Ulfert received a B.S. degree equivalent in chemistry from the Technical University Hannover, Germany in 1961 and the Dr. rer. nat. in organic chemistry-biochemistry from Technical University Munich, Germany in 1967. He held a postdoctoral position at the School of Pharmacy at Purdue University and was appointed to its faculty in 1969. He spent a sabbatical year at the Department of Genetics at the John Innes Institute, Norwich, England studying Streptomyces genetics with Prof. D.A. Hopwood in 1976-77. He joined the Wisconsin faculty as a Professor of Pharmaceutical Biochemistry in 1981. In 1990-91 he was a visiting scientist at Institut Pasteur, Paris, France studying protein expression patterns in Streptomyces with Prof. J.E. Davies. He has published in the areas of alkaloid and antibiotic biosynthesis, mode of action of antibiotics, enzymology and Streptomyces DNA amplification. Since 1994 his research has concentrated on RNA-related topics. He seeks molecular modeling confirmation for his hypothesis on the evolution of a primordial genetic apparatus and for his theory on the mechanism of present-day protein biosynthesis.
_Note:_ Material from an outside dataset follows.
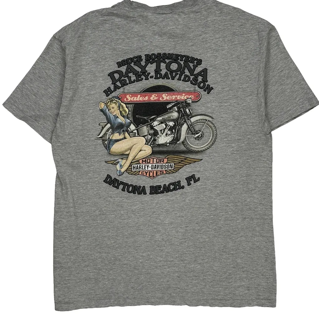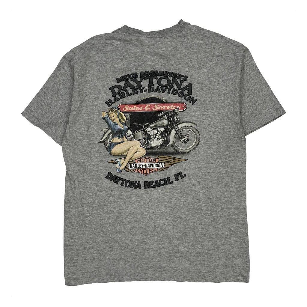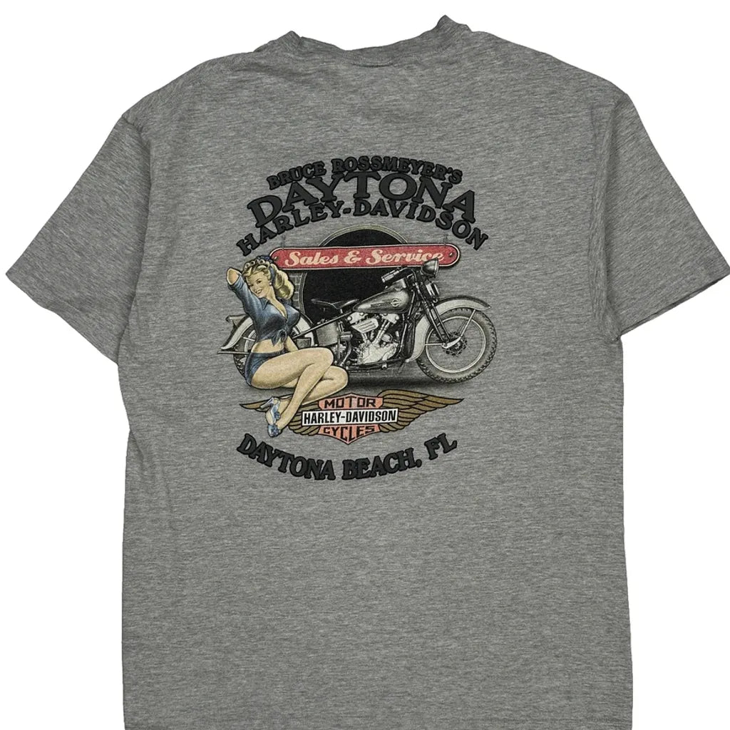 Daytona Beach, Fl Harley Davidson Graphic T-Shirt - Large Grey Cotton

The proposed primordial genetic apparatus may have been constituted by a variety of replication-proficient mRNAs carrying ANU (N=A,C,G,U) codons and four replication-proficient primordial tRNA precursors carrying ANU anticodons. These tRNA precursors may have become joined to specific amino acids - when these were present in the form of the respective Leuchs anhydrides - at extant 3' CCA ends upon formation of a pseudoknot between the CCA ends and precursor tRNA UUANUGG anticodon loop sequences. This implemented/established the following primordial anticodon-amino acid relationships: AAU-Ile/Leu, AGU-Thr/Ser, AUU-Asn/Asp and ACU-AGBA (±-amino-³ guanidino-butyric acid)/Arg, with many of these still being valid today.
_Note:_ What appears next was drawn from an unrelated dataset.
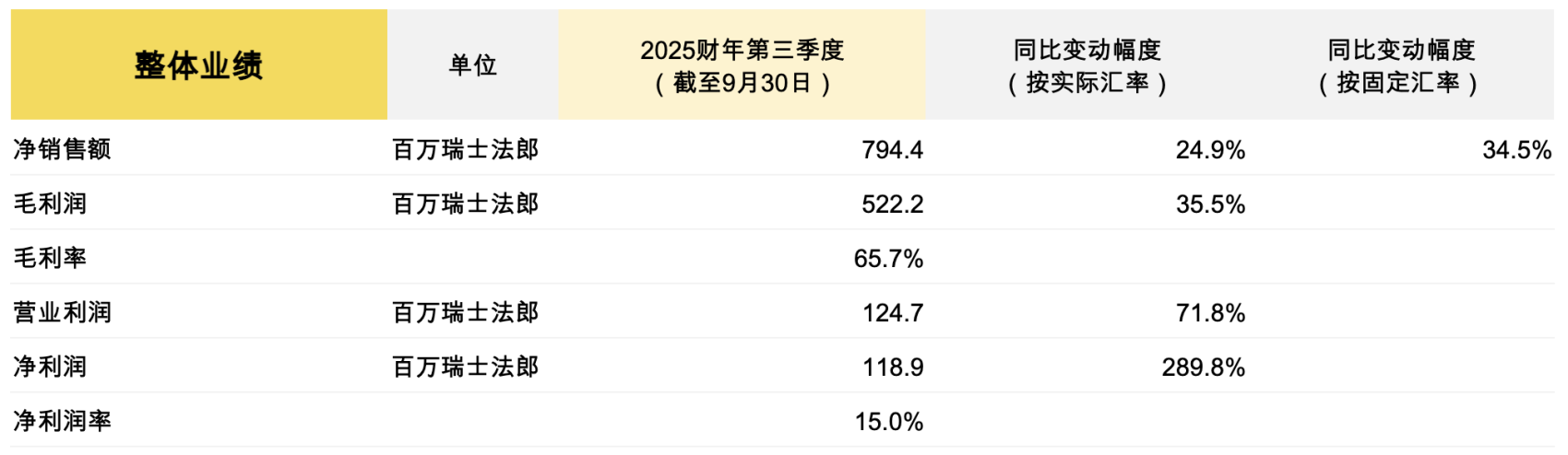 截至9月30日,On 2025财年第三季度关键财务数据如下:

Present-day protein biosynthesis is proposed to depend on a process, named discriminative coaxial in-phase anticodon-codon docking (DCIPACD), whereby ribosomes present a codon as an A-RNA minihelix and promote its interaction with an incoming anticodon/tRNA by directing the anticodon to follow a coaxial and in phase approach while assuming an A-RNA minihelix conformation. This fosters facile formation of cognate anticodon-codon complexes without any tRNA rearrangement in the tRNA anticodon stem-loop region. Ribosomes can avoid via DCIPACD detrimental G-U and U-G pairings involving the first and second codon positions as well as other mismatches. It has also been proposed that ribosomes oscillate between two different states, one of which is characterized by an ~ 90 Angstrom gap in the area between the small bacterial ribosomal protein S12 and the large bacterial ribosomal protein L14 located on the small and large ribosomal subunits, respectively. Conversely, when the ribosome is in the closed state - presently well known form X-ray studies - this distance is 15.8 Angstroms.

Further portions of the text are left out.